__Collected data__:
-- Opening Marker --

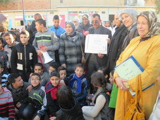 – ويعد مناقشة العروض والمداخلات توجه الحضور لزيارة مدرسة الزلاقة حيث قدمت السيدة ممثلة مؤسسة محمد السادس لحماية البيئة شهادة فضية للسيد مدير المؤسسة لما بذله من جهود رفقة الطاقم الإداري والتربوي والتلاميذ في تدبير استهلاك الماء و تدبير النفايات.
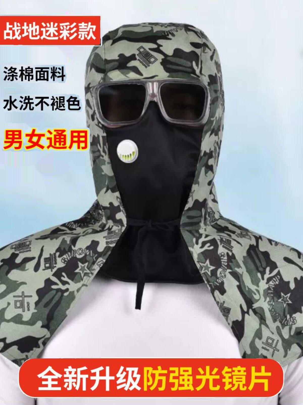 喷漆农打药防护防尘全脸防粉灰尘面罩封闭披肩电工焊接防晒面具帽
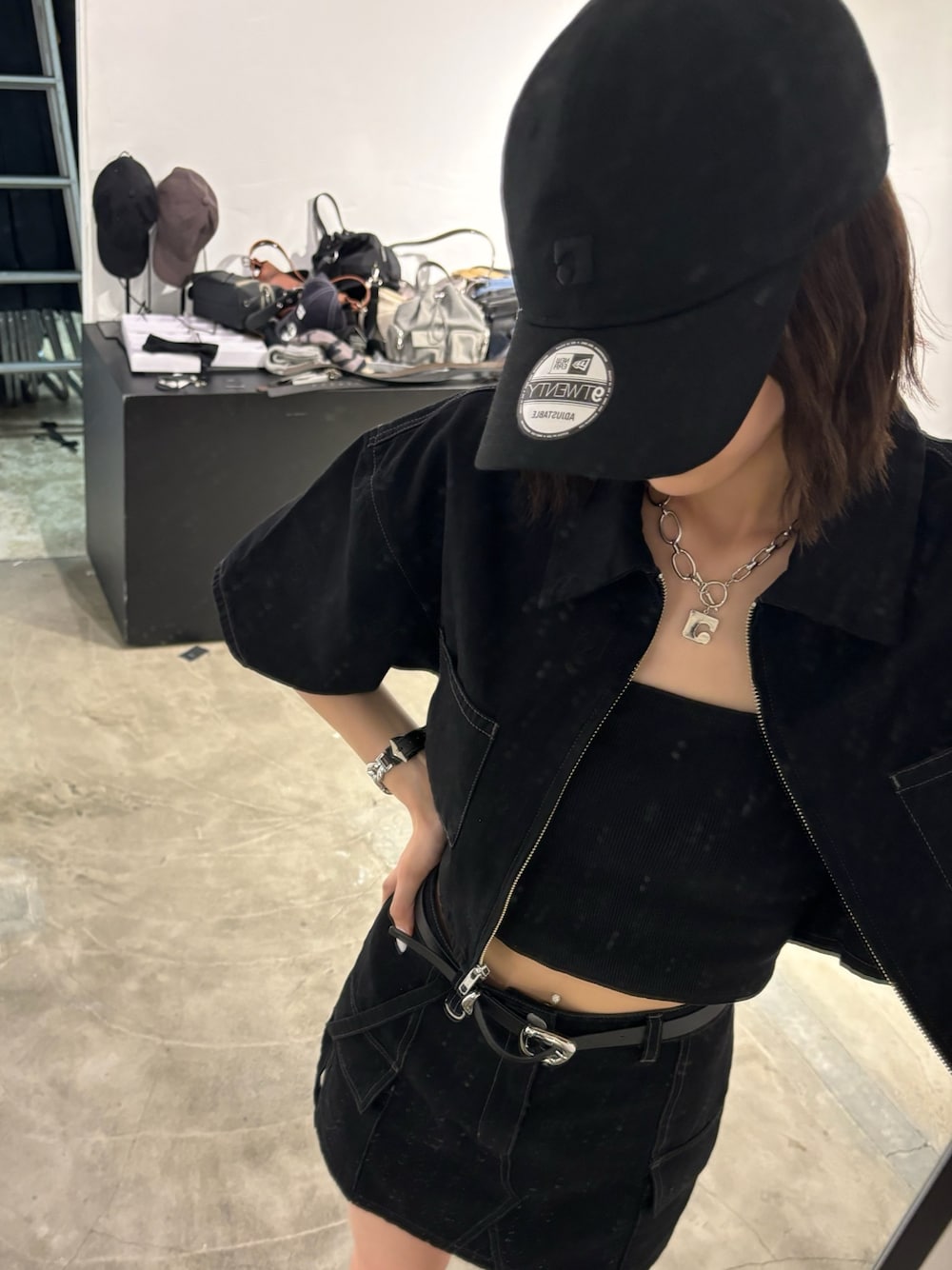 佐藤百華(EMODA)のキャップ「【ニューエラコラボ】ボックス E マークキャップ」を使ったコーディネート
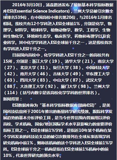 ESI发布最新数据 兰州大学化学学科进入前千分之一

-- Closing Marker --

__What to do__: Leaving out the pictures, output the listing above exactly as given.

__The answer__:
 – ويعد مناقشة العروض والمداخلات توجه الحضور لزيارة مدرسة الزلاقة حيث قدمت السيدة ممثلة مؤسسة محمد السادس لحماية البيئة شهادة فضية للسيد مدير المؤسسة لما بذله من جهود رفقة الطاقم الإداري والتربوي والتلاميذ في تدبير استهلاك الماء و تدبير النفايات.
 喷漆农打药防护防尘全脸防粉灰尘面罩封闭披肩电工焊接防晒面具帽
 佐藤百華(EMODA)のキャップ「【ニューエラコラボ】ボックス E マークキャップ」を使ったコーディネート
 ESI发布最新数据 兰州大学化学学科进入前千分之一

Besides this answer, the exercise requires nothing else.